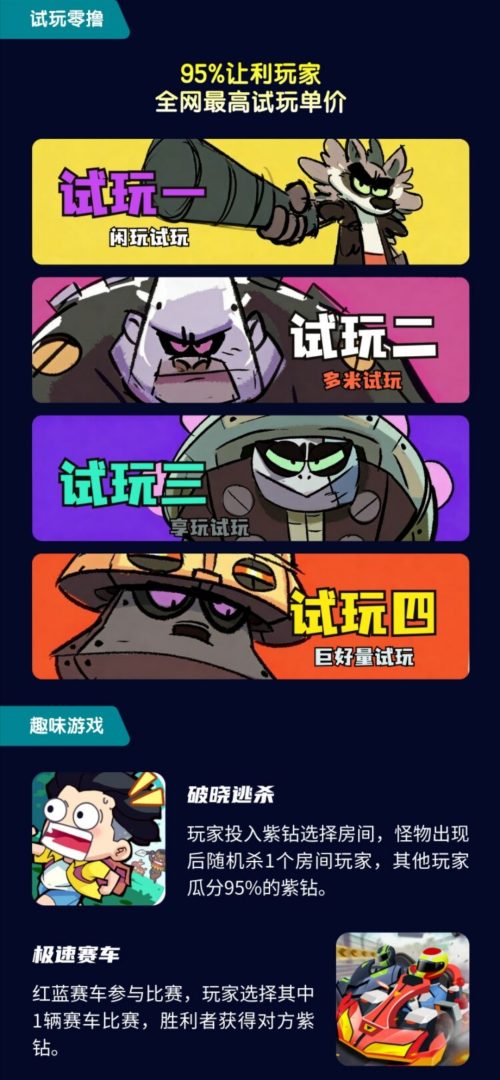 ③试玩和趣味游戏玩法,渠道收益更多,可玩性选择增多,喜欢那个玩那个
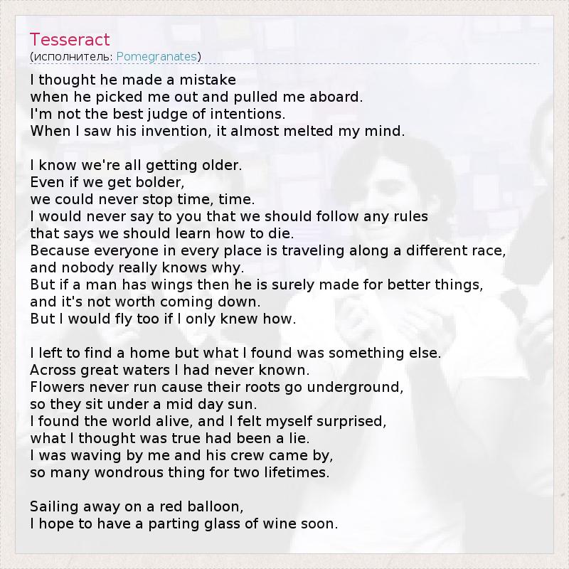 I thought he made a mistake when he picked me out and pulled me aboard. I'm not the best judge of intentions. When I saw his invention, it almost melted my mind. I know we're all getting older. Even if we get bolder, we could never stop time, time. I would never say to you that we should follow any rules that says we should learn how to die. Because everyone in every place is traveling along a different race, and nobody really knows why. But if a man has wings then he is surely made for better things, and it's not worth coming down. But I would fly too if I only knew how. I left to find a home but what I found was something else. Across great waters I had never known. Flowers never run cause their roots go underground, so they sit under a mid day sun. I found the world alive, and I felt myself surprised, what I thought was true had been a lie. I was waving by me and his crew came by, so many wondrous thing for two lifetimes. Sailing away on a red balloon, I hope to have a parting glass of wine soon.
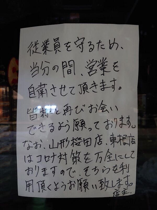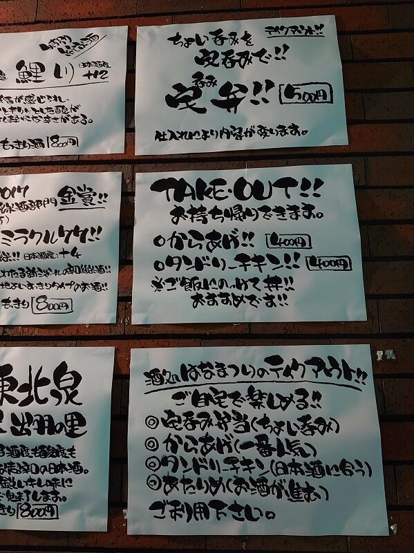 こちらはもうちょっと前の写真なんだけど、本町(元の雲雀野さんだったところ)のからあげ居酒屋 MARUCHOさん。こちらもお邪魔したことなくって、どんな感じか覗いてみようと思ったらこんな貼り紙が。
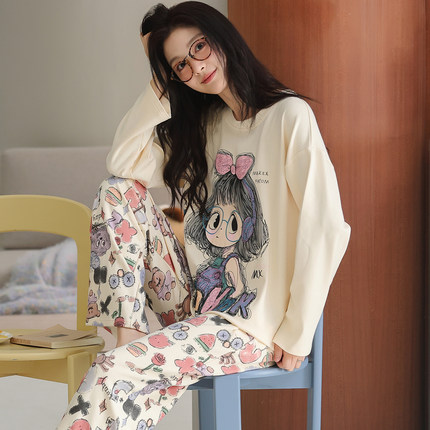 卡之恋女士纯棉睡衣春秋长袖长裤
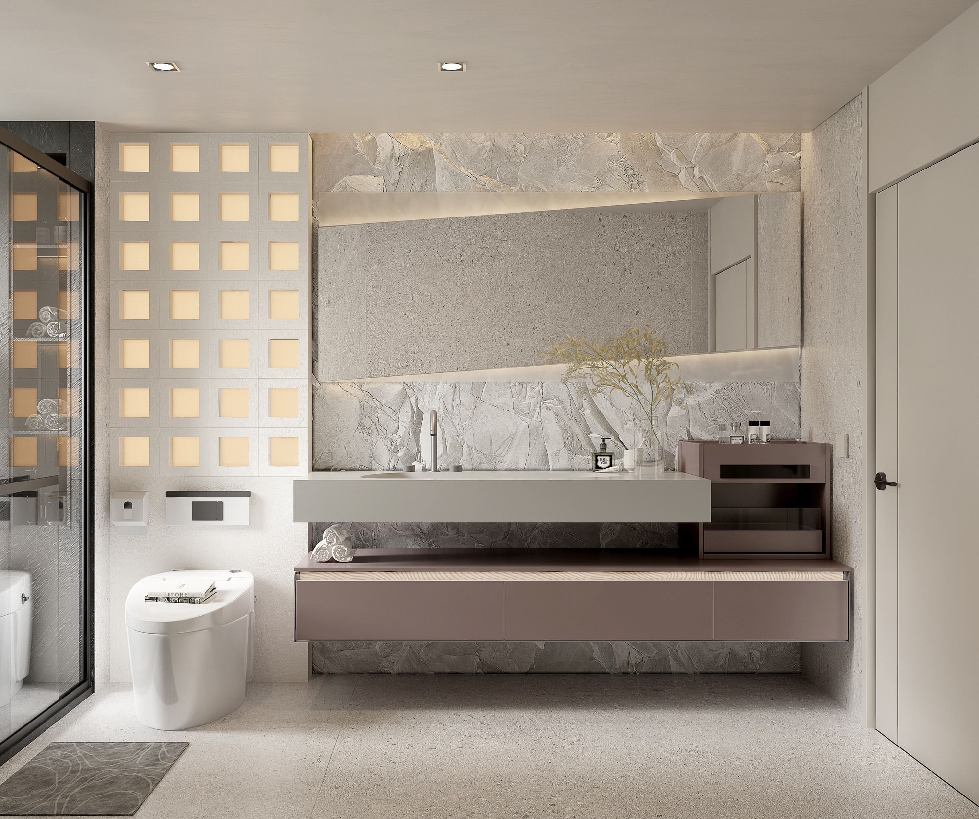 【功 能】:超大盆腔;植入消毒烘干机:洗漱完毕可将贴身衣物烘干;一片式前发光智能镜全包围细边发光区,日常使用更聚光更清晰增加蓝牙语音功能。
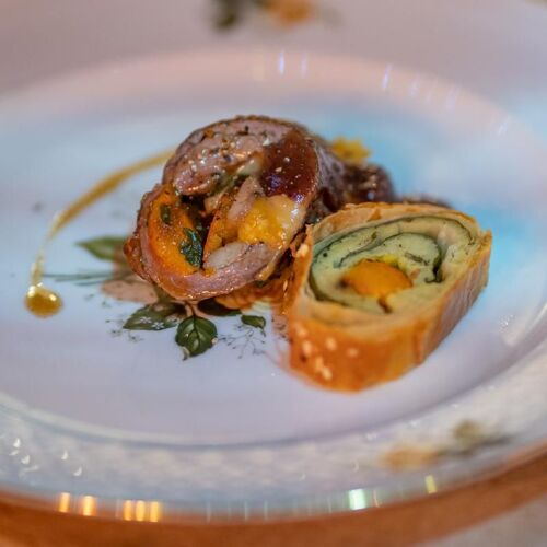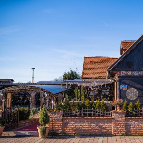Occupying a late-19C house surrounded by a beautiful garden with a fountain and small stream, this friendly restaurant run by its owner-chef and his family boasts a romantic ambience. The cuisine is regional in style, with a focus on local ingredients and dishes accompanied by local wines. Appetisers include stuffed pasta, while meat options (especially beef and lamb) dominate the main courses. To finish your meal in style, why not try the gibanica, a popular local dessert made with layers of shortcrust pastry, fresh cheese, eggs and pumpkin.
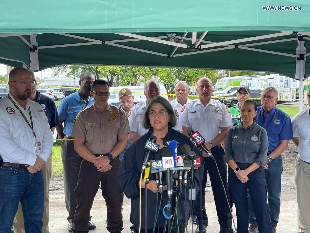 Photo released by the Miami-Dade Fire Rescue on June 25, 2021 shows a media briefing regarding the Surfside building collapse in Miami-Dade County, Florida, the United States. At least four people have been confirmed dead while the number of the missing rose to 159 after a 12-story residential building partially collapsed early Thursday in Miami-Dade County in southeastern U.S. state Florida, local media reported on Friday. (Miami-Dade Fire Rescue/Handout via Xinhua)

----------------

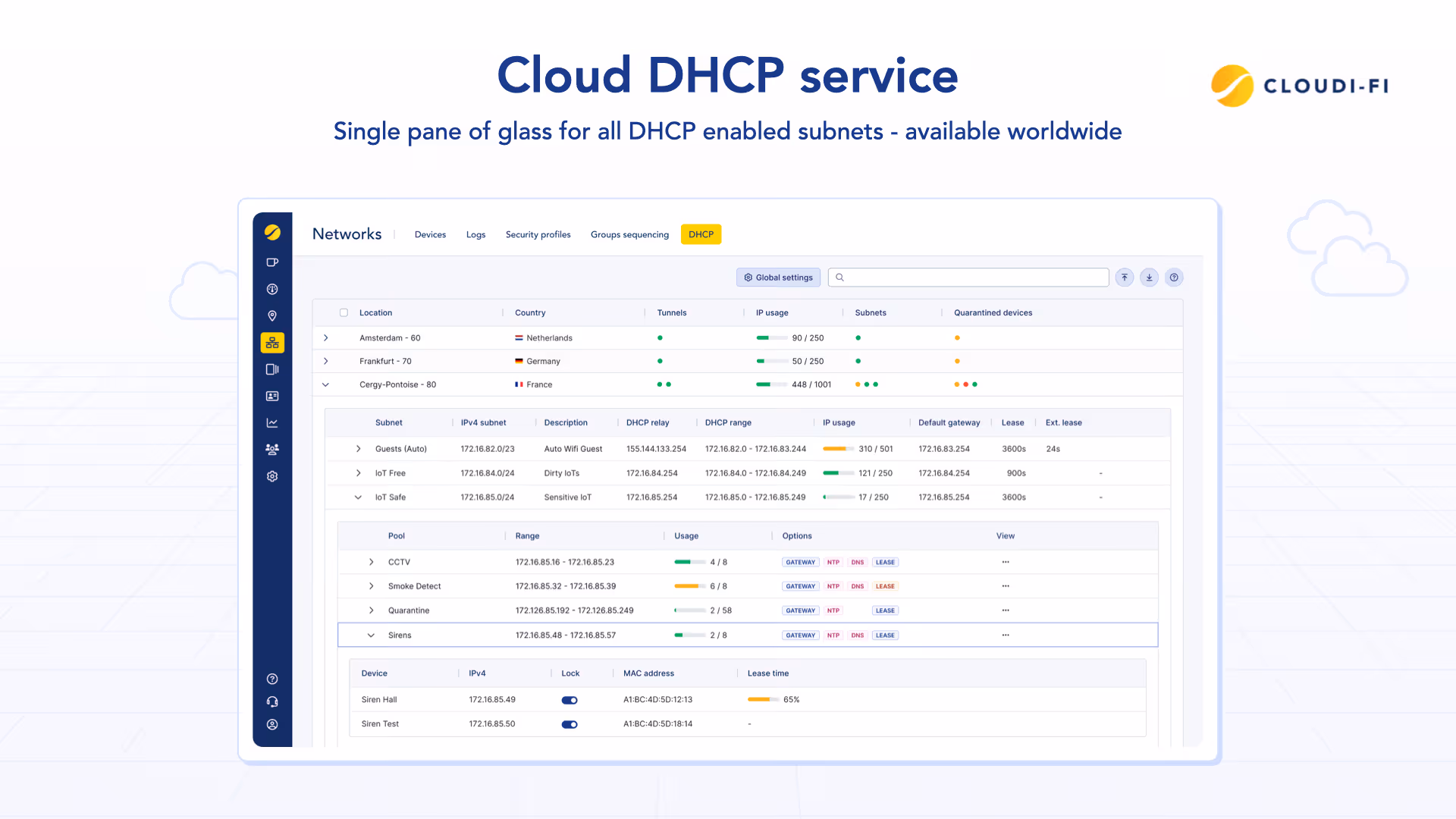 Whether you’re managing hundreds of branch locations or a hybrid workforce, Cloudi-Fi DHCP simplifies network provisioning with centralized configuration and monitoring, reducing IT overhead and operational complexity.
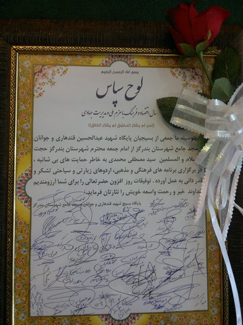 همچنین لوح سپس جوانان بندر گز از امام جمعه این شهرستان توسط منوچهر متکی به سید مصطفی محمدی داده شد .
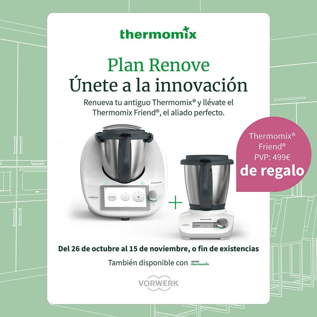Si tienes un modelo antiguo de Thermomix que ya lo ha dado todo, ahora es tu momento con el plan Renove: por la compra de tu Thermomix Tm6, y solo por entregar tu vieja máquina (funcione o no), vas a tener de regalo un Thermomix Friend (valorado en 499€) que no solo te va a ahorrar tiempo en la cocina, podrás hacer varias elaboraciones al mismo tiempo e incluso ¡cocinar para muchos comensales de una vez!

----------------

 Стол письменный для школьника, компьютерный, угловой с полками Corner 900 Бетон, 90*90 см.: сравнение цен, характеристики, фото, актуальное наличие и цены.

----------------

• [TASK REQUIREMENTS]: Everything from the line with "こちらはもうちょっと前の写真" through the line with "Photo released by" in the material above should be transcribed exactly, except the pictures.

• [RESULT OF THE EXERCISE]:
 こちらはもうちょっと前の写真なんだけど、本町(元の雲雀野さんだったところ)のからあげ居酒屋 MARUCHOさん。こちらもお邪魔したことなくって、どんな感じか覗いてみようと思ったらこんな貼り紙が。
 卡之恋女士纯棉睡衣春秋长袖长裤
 【功 能】:超大盆腔;植入消毒烘干机:洗漱完毕可将贴身衣物烘干;一片式前发光智能镜全包围细边发光区,日常使用更聚光更清晰增加蓝牙语音功能。
Occupying a late-19C house surrounded by a beautiful garden with a fountain and small stream, this friendly restaurant run by its owner-chef and his family boasts a romantic ambience. The cuisine is regional in style, with a focus on local ingredients and dishes accompanied by local wines. Appetisers include stuffed pasta, while meat options (especially beef and lamb) dominate the main courses. To finish your meal in style, why not try the gibanica, a popular local dessert made with layers of shortcrust pastry, fresh cheese, eggs and pumpkin.
 Photo released by the Miami-Dade Fire Rescue on June 25, 2021 shows a media briefing regarding the Surfside building collapse in Miami-Dade County, Florida, the United States. At least four people have been confirmed dead while the number of the missing rose to 159 after a 12-story residential building partially collapsed early Thursday in Miami-Dade County in southeastern U.S. state Florida, local media reported on Friday. (Miami-Dade Fire Rescue/Handout via Xinhua)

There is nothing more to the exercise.